I feel a twinge of cramp in one thigh and my back and neck are aching; I’ve been in the saddle now for two hours so on the long downhills I stand up and stretch. The Argus will be 66 miles in much hotter and possibly very windy conditions so I’m wishing I was better acclimatised to the riding position; the UK winter and family and work commitments don’t allow enough long rides though.
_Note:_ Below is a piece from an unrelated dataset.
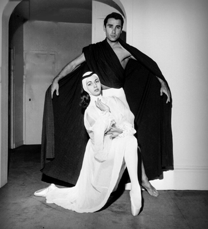 Мишель Мерсье и Пьер Лакотте на репетиции пьесы "Баллада о Ронсаре", 1957 г.

In the distance I see the towers of the vulgar Italianate pastiche village of Montecasino where I’m staying. I’m looking forward to some breakfast. At 46 miles I peel off at a major highway junction and cross, checking carefully both ways for rogue minibuses. I cruise into the gated compound of the hotel and leisure complex and arrive at my hotel where I stretch for a few minutes, before heading up to my room for a welcome shower. Might spend a few minutes in the car park later fettling handlebar position and cleats before dismantling the bike and packing it in its case for trucking down with thousands of others to Cape Town where 35,000 riders will compete in the Cape Argus on Sunday the 13[sup]th[/sup].